Down the Sun-Pressed Vale

A flat wide path leads to the horizon between sloping cliffs
“Down the Sun-Pressed Vale”, 12in x 9in, acrylic on canvas

“This is where the sun came down and flattened the valley.” The guide pointed ahead.

You squinted at the wide, unprotected path. Yellow-orange patterns mottled the ground. Sunmarks, you thought, no doubt. 

Further evidence had been carelessly left in the form of oppressive heat, which rose straight up in a shimmering trail that led to the offender, looking down on the scene and safe far overhead, out of anyone’s jurisdiction.

I wasn’t with you that day, and was glad.
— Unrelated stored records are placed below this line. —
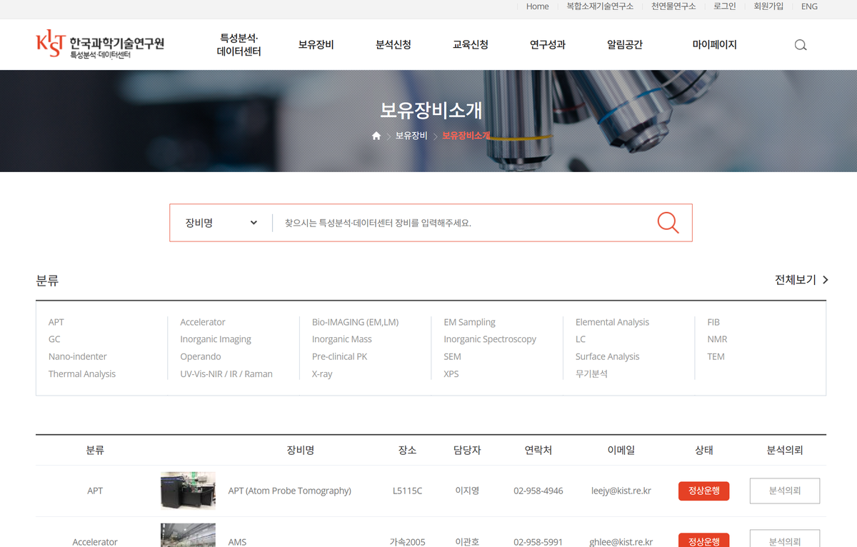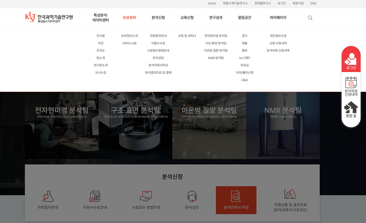 분석 신청은 KIST 특성분석센터 홈페이지를 통해 진행됩니다.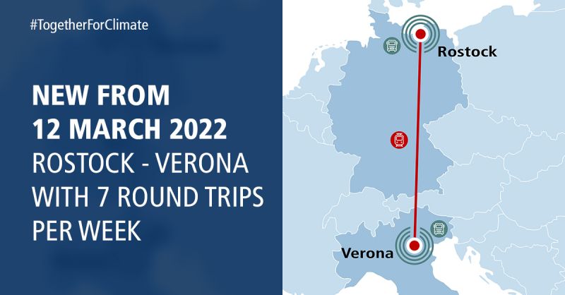 Kombiverkehr verdichtet die Abfahrten auf der Route Rostock – Verona Interterminal. Seit 12.03.2022 werden sieben statt zuvor sechs Rundläufe pro Woche angeboten.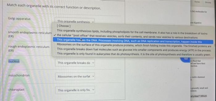 Solved Match each organelle with its correct function or Chegg com

You handle the heat better than me, and even seek it sometimes when the mood strikes.

Do you remember? You once set out to see the damp swamps along some coast — I can’t recall where — then headed instead to the dry desert sands west of Armant on the Nile. You like to follow the better plan no matter when it occurs to you.

But you hadn’t planned now for how hot it would be, how could you? The sun had just recently blazed through, the fiend, and left a blistering valley behind.
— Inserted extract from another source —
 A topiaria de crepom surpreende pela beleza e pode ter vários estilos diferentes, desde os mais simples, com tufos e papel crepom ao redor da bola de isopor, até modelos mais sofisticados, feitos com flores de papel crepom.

Yet past the horizon a blue sky beckoned. 

You imagined a land of green fronds, shady palms, maybe some little café tucked under the trees and run by expats who’d tell you the news while serving your drink — a family concoction that involves Pernod and a splash of verve from an unlabeled flask — poured over ice, then sipped while you sat under a lazy fan.

And if not that…

A brief dip in a pond or stream or oasis would serve your material needs. If you could just get through the vale.

What might lurk among the cliffs that guarded the way ahead? 

Bandits? There were rumors. Tigers? Not here, not anymore. Bird-People? Bah! What nonsense. No need to dwell on children’s tales.

You hoisted the leather pack, the one your uncle gave you, worn smooth from his days in the service. It enveloped you with confidence. 

Time to move forward.

Honey-Bee Vision

A five-petaled flower with unusual patterns
“Honey-Bee Vision”, 8in x 8in, acrylic on canvas

I knew you wouldn’t mind if I paused to consider these petals.

To our eyes they seem rather bland. No bright markings or pleasing motif, nothing distinctive at all.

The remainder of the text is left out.